From bbf6bbd5ea27231066cec98b8bf2a65f162cb18f Mon Sep 17 00:00:00 2001
From: rockerBOO <rockerboo@gmail.com>
Date: Mon, 6 Jan 2025 10:48:38 -0500
Subject: [PATCH] Use self.get_noise_pred_and_target and drop fixed timesteps

---
 flux_train_network.py |   7 ++-
 sd3_train_network.py  |   3 +-
 train_network.py      | 116 ++++++++++++------------------------------
 3 files changed, 40 insertions(+), 86 deletions(-)

diff --git a/flux_train_network.py b/flux_train_network.py
index 75e975ba..b3aebecc 100644
--- a/flux_train_network.py
+++ b/flux_train_network.py
@@ -339,6 +339,7 @@ class FluxNetworkTrainer(train_network.NetworkTrainer):
         network,
         weight_dtype,
         train_unet,
+        is_train=True
     ):
         # Sample noise that we'll add to the latents
         noise = torch.randn_like(latents)
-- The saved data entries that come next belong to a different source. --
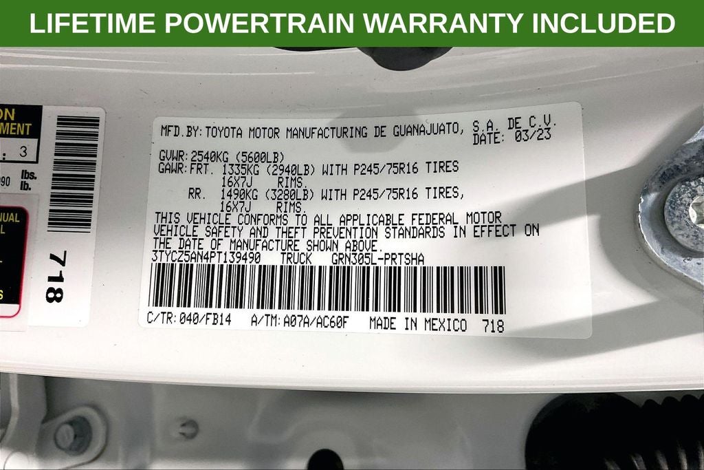 2023 Toyota Tacoma SR V6 SR Ice V6 4D Double Cab 4WD 3.5L V6 PDI DOHC 24V LEV3-ULEV70 278hp 6-Speed Automatic 1 Owner, New Feature, Apple CarPlay / Android Auto, Backup camera, Bluetooth®, Tacoma SR V6, 4D Double Cab, 3.5L V6 PDI DOHC 24V LEV3-ULEV70 278hp, 6-Speed Automatic, 4WD, Ice, Cement Cloth, 16 Styled Steel Wheels, 6 Speakers, ABS brakes, Air Conditioning, AM/FM radio: SiriusXM, Anti-whiplash front head restraints, Apple CarPlay/Android Auto, Auto High-beam Headlights, Automatic temperature control, Axle Ratio: 3.91, Brake assist, Bumpers: body-color, Driver door bin, Dual front impact airbags, Dual front side impact airbags, Electronic Stability Control, Emergency communication system: Safety Connect (1-year trial), Exterior Parking Camera Rear, Fabric Seat Trim, Front anti-roll bar, Front Bucket Seats, Front Center Armrest, Front dual zone A/C, Front reading lights, Front Seats, Front wheel independent suspension, Heated door mirrors, Illuminated entry, Knee airbag, Low tire pressure warning, Occupant sensing airbag, Outside temperature display, Overhead airbag, Overhead console, Passenger door bin, Power door mirrors, Power steering, Power windows, Radio: Audio, Rear step bumper, Speed control, Speed-sensing steering, Split folding rear seat, Steering wheel mounted audio controls, Tachometer, Telescoping steering wheel, Tilt steering wheel, Traction control, Variably intermittent wipers.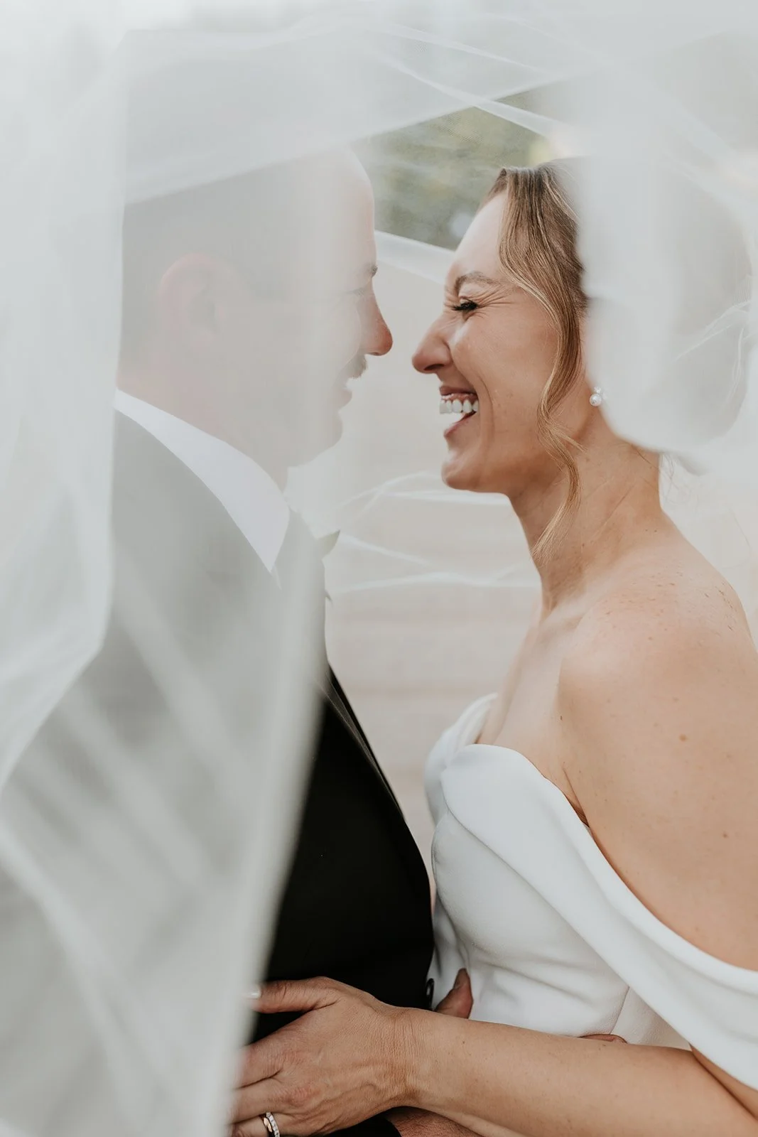 A bride and groom smiling and about to kiss, with their faces close together, seen through a sheer veil.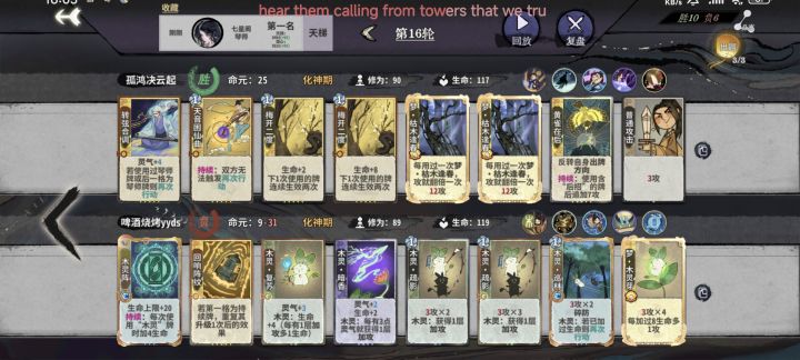 还是梦卡的问题。很多人说七星阁强,七星阁确实强,但是梦两仪没有梦落花和枯木,梦枯木是只有一张的,而最多情况是梦两仪能落花梦枯木这些一张都没有,都是什么梦落雷梦斗转。我这把的牌放上赛季百分之百吃分,很有概率吃鸡,但是放这个赛季连前四都进不了。我上赛季一个月从人仙打到金仙,这赛季打了一个月,比上赛季打的还勤奋,结果一分没上。

@@ -375,7 +376,7 @@ class FluxNetworkTrainer(train_network.NetworkTrainer):
         def call_dit(img, img_ids, t5_out, txt_ids, l_pooled, timesteps, guidance_vec, t5_attn_mask):
             # if not args.split_mode:
             # normal forward
-            with accelerator.autocast():
+            with torch.set_grad_enabled(is_train and train_unet), accelerator.autocast():
                 # YiYi notes: divide it by 1000 for now because we scale it by 1000 in the transformer model (we should not keep it but I want to keep the inputs same for the model for testing)
                 model_pred = unet(
                     img=img,
@@ -420,7 +421,9 @@ class FluxNetworkTrainer(train_network.NetworkTrainer):
                     intermediate_txt.requires_grad_(True)
                     vec.requires_grad_(True)
                     pe.requires_grad_(True)
-                    model_pred = unet(img=intermediate_img, txt=intermediate_txt, vec=vec, pe=pe, txt_attention_mask=t5_attn_mask)
+
+                    with torch.set_grad_enabled(is_train and train_unet): 
+                        model_pred = unet(img=intermediate_img, txt=intermediate_txt, vec=vec, pe=pe, txt_attention_mask=t5_attn_mask)
             """
 
             return model_pred
diff --git a/sd3_train_network.py b/sd3_train_network.py
index fb7711bd..c7417802 100644
--- a/sd3_train_network.py
+++ b/sd3_train_network.py
@@ -312,6 +312,7 @@ class Sd3NetworkTrainer(train_network.NetworkTrainer):
         network,
         weight_dtype,
         train_unet,
+        is_train=True
     ):
         # Sample noise that we'll add to the latents
         noise = torch.randn_like(latents)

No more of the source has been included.